What is expected:
Begin at the line with "عد من اصحاب" and write out every line after it, exactly, through the last line below, adding nothing.

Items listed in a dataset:
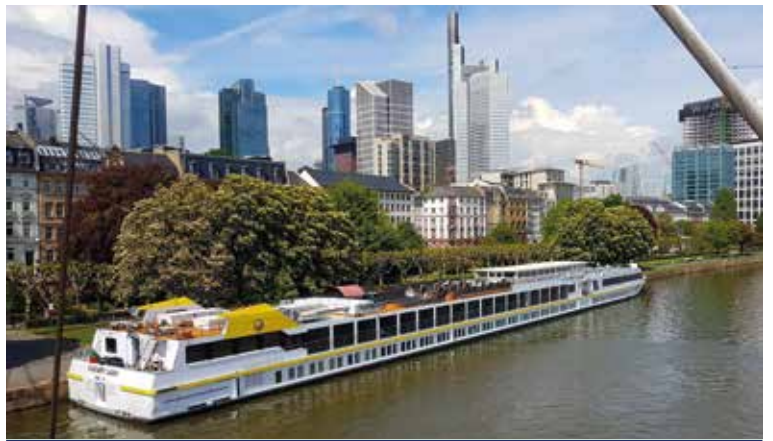
MS ELEGANT LADY in Frankfurt am Main

An den Ufern steht der Mai endlich in voller Blüte, während Sie sich an Deck von MS ELEGANT LADY entspannen und sich auf viele kleine Abenteuer freuen: Bestaunen Sie das Basler Münster aus rotem Sandstein, zählen Sie die bunten Wappen am Breisacher Rathaus, fotografieren Sie in Straßburg die romantischen Fachwerkhäuser oder in Speyer den edlen Kaiser- und Mariendom. Mit dem Nibelungenbähnchen durch Worms sausen, in Mainz auf dem 50. Breitengrad balancieren, in Frankfurt über den historischen Römerberg schlendern? Dass Sie auf dieser Reise noch viel mehr Abenteuer erleben, versteht sich von selbst!
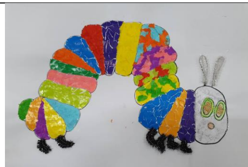
七彩繽紛的毛毛蟲
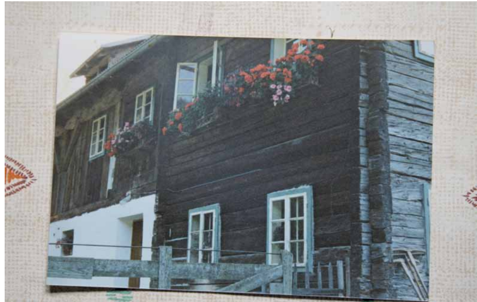
Das Haus 1940
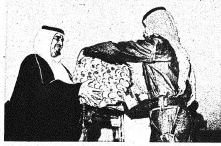
عد من اصحاب السمو الازراء الذين حضروا الاحتفال • وفي العهد يسلم اخذ قادة المجموعات شهادة التخرجين

سمر وطى الصبر والامانة سعى مسرع أن يفتش خطوات الررس الوطنى الذى يقبىر مضرة من المفاخر التى أسسها المشهيد فى صل بن عبد العزيز سوا المات اساك الررس بحسب الرز اولمى بشهرات هالة الملك وعمه وحكمه لمرئىك المهر لخصم اوضاع ابناء المملكة

Answer section:
عد من اصحاب السمو الازراء الذين حضروا الاحتفال • وفي العهد يسلم اخذ قادة المجموعات شهادة التخرجين

سمر وطى الصبر والامانة سعى مسرع أن يفتش خطوات الررس الوطنى الذى يقبىر مضرة من المفاخر التى أسسها المشهيد فى صل بن عبد العزيز سوا المات اساك الررس بحسب الرز اولمى بشهرات هالة الملك وعمه وحكمه لمرئىك المهر لخصم اوضاع ابناء المملكة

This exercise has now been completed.